The bar has several benefits. First, the relative sizes of the bars are easier to judge than the relative sizes of the pie wedges. Second, the bar chart takes up less area without giving up detail.
If you have to use a pie chart (and you probably don’t have to), use data labels with category name (and values if desired) in place of the legend, and try to fit the labels within the wedges. If there are too many labels and they don’t all fit well, then there are too many wedges, and you should switch to a bar chart. Always sort pie wedges in decreasing order of size.
Don’t Use Radar Charts
Radar charts look like a great idea, but cognitively they don’t work as well as expected. Even if your data is cyclic, a radar chart isn’t a very good way to display it.
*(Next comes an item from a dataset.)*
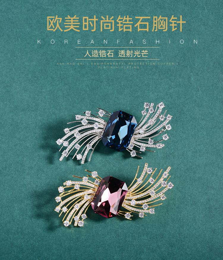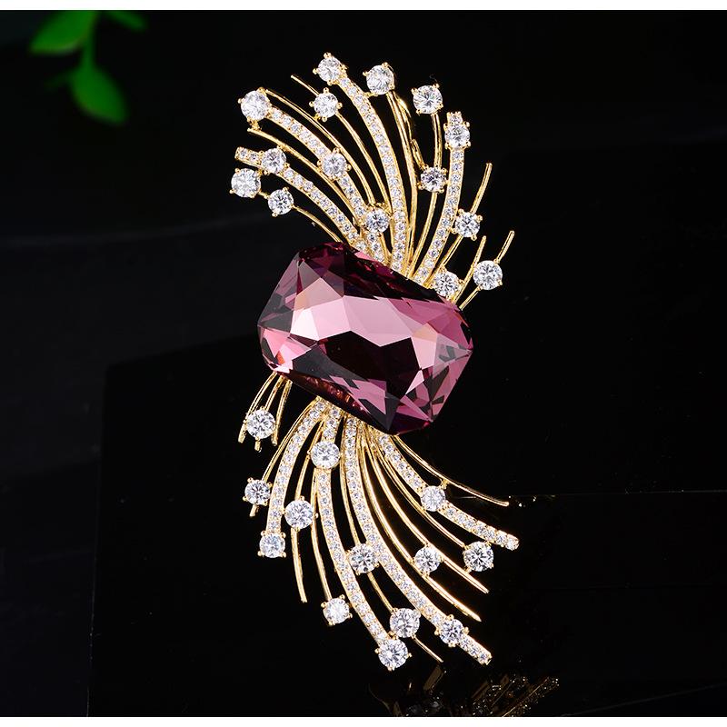 Broche personalizado de lujo ligero europeo y americano para mujer, circonita micro incrustada, exquisito ramillete para ropa, abrigo, insignia, pin, accesorios
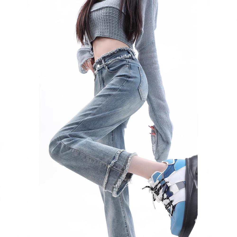 Damskie letnie dżinsy typu cigarette z prostą nogawką i wysokim stanem, w jasnym odcieniu

Use a line chart.
People like to use radar charts to compare data, for example, customer ratings of different features in a product. Below are a radar plot and a line chart showing fictitious customer approval ratings of features A through F in a product. The thought is that readers can judge the ratings based on distance from the center of the chart. In practice this is not effective because the scales reach out in different directions, so the reader must resort to counting gridlines, which adds a significant cognitive load to reading the chart. A reader can easily compare the vertical positions of points in a line chart to compare values, without any excessive brain strain.
Another problem with radar charts is its resolution. The line chart above is substantially smaller than the radar chart, yet its vertical resolution is greater, because the line chart only needs to use the height of the axis once, while the radar chart must use it twice, once reaching up and once reaching down.
The “horizontal” (circumferential) resolution in the center of a radar chart is worse than at its edges, because the circumference of a given gridline decreases. Points are plotted more closely, and it’s harder to resolve them. This is particularly true when the radar chart displays several series. It is very difficult to see what’s going onwith the data below 20% in the radar chart, but the data below 20% in the line chart is easy to resolve.
In addition, it’s easier to label the series in the line chart, while the radar chart needs to use a separate legend to identify the different series.
Some purists would not approve of using a line chart to plot categorical data, because readers may improperly interpolate between categories and extract meaningless data. If done with care, however, this is not wrong, and in fact, forms the basis of Parallel Coordinate Charts (see Sample Parallel Coordinate Chart, Interactive Parallel Coordinates Chart, and Composite Baseball Player Evaluation for examples of these).